- **Task material**:
■ ■ ■ ■ ■

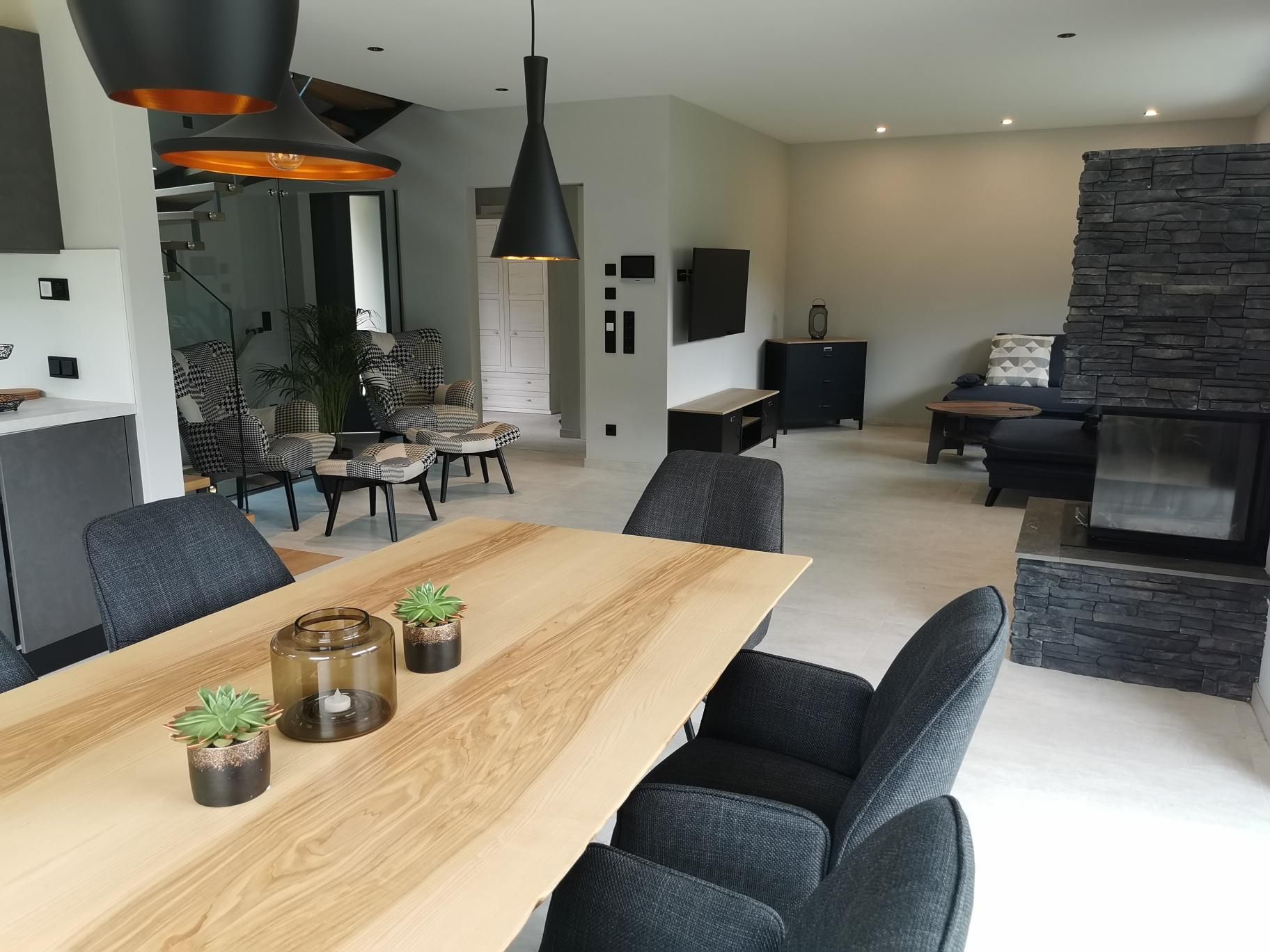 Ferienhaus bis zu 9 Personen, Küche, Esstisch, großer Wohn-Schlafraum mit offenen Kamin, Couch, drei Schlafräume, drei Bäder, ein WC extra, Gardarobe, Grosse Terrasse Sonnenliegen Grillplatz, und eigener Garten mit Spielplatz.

■ ■ ■ ■ ■

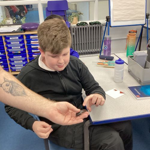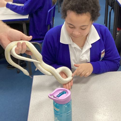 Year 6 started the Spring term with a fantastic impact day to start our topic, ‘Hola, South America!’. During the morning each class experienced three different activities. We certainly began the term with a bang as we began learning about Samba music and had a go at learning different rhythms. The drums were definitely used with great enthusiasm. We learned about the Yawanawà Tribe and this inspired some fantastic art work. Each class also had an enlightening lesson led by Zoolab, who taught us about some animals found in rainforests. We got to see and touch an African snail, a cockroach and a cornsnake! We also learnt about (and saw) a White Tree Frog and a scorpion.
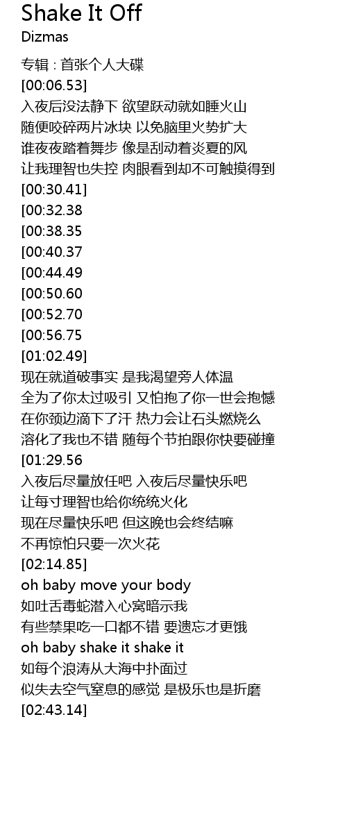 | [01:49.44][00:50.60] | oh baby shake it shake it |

■ ■ ■ ■ ■

- **Directions**: Of the lines above, quote exactly those from the one with "Year 6 started" through the one with "it shake it |", ends included; pictures stay out.

- **Final answer**:
 Year 6 started the Spring term with a fantastic impact day to start our topic, ‘Hola, South America!’. During the morning each class experienced three different activities. We certainly began the term with a bang as we began learning about Samba music and had a go at learning different rhythms. The drums were definitely used with great enthusiasm. We learned about the Yawanawà Tribe and this inspired some fantastic art work. Each class also had an enlightening lesson led by Zoolab, who taught us about some animals found in rainforests. We got to see and touch an African snail, a cockroach and a cornsnake! We also learnt about (and saw) a White Tree Frog and a scorpion.
 | [01:49.44][00:50.60] | oh baby shake it shake it |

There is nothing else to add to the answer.